Playback levels and the volume of the room play roles, but once again, it’s about creating an illusion in the house. The roles I play today that are unique are basically about setting up the infrastructure to put a system in, in general.
So, for example, start with the room—that’s your starting point—and how to deal with the inherent issues of that space.
The enemy to both the recording side and the playback side is noise. That noise could be environmental—sound coming from the outside to the inside. But the silent enemy is the noise created by the electrical grid.
In today’s world—including your house, Kathy—if you walk around, think of all the items: LED light bulbs, appliances with built-in computers, the computer you’re talking on right now. All around you, it’s like poison ivy vines—you’re trying to walk through the house without getting a rash. All of those items create havoc—let alone the noise coming in from the power grid and your neighbor’s home.
The more one can isolate playback system electronics from that noise, the more one will hear what the electronics can really do. It’s like looking out of a picture window instead of stepping outside. Or like going outside with rose-colored glasses versus neutral glasses. Rose-colored glasses will tint the world—that’s what noise does.
And that noise is one of the reasons why people trying to improve their sound keep changing things—because they’re constantly trying to filter it out.
What the retail consumer side doesn’t teach the end user is this: Don’t filter out the noise—focus on eliminating it. Go to the root source.
Going to the root source is not an exotic way to sell equipment, which is what the retail market tries to do. That’s what they do—they sell. And if one product a customer buys doesn’t have the right sound, why give them advice on how to correct it? Just sell them something different. Or sell them some add-ons.
It’s like when you don’t like the taste of a meal—just keep adding more spices. I don’t think that works too well.
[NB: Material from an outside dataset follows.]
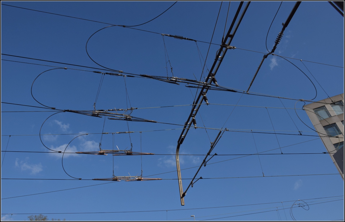Ausser am Bahnsteig kommt man bei Vollbahnen selten so nahe in Kontakt, wie bei der Bahn im Sihltal. Nur ein Bordstein trennt den Strassenverkehr vom Lichtraum der Bahn, auf Spiegelhöhe dürfte nicht mal ein Blatt Papier dazwischenpassen. Da reizt auch der Bahnfotograf nicht seinen ganzen legalen Spielraum aus, um den Puls des Lokführers nicht unnötig zu erhöhen. Hier mit 456 104 der SZU in der Sihlau. März 2022.
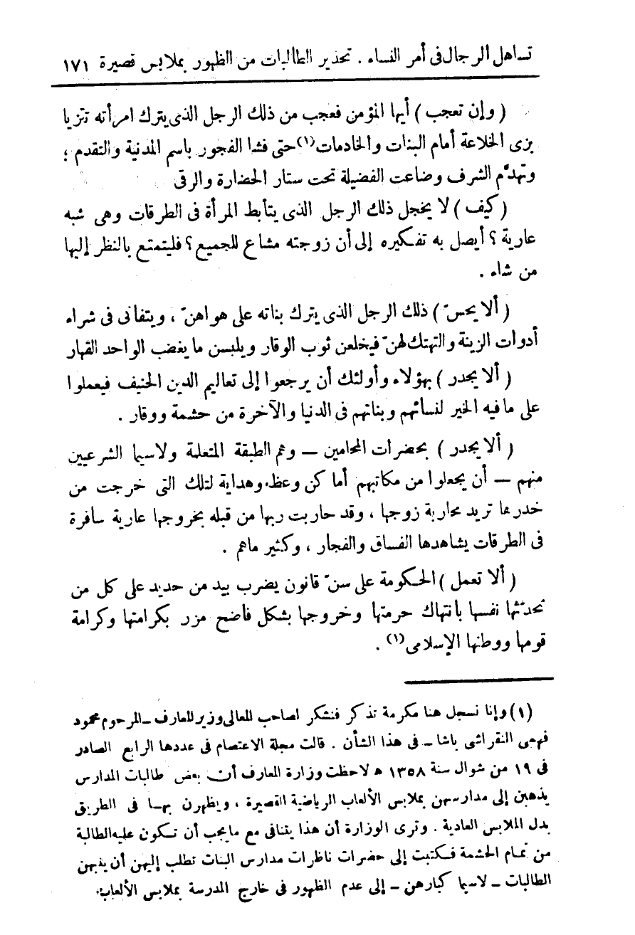 (ألا يجدر) بحضرات المحامين - وهم الطبقة المتعلمة ولاسيما الشرعيين منهم - أن يجعلوا من مكاتبهم أماكن وعظ وهداية لتلك التى خرجت من خدرها تريد محاربة زوجها، وقد حاربت ربها من قبله بخروجها عارية سافرة فى الطرقات يشاهدها الفساق والفجار، وكثير ماهم.

Is what I’m saying making any sense to you from your background?
KG Yes, absolutely.
So, I want to switch gears for a second because there’s something I wanted to ask you about—the music delivery systems we’re using now. That includes LPs and CDs, and then all these higher-end formats. I don’t even know what form to call all of them, but what are you working with in that realm for music delivery systems? What do you use? I mean, is it HDtracks?
TM Oh, as a commercial tool I’m playing vinyl. I’m playing tape. I’m playing digital files which are both in high resolution and normal CD resolution. When I say files from a CD, we could take the music information off of a CD and we can convert that into files for playback, which is the physical version of streaming.
But the commercial streaming tool I use would be Qobuz. And lately, every once in a while, I go to Dolby Atmos in a theater-room and I play surround by Dolby Atmos. I find my customers like that because with Apple TV and streaming they can pull up and read the lyrics as they’re listening to the music. Sometimes they are identifying the words in the lyrics that they’ve never understood before in songs that they have listened to all their life. That’s another version of entertainment.
KG So, it projects the lyrics on a screen when you’re listening to audio?
TM Yes. In the home theater market, that person already has a multi-channel system for surround sound movies, so that room can also be used for streaming multi-channel music.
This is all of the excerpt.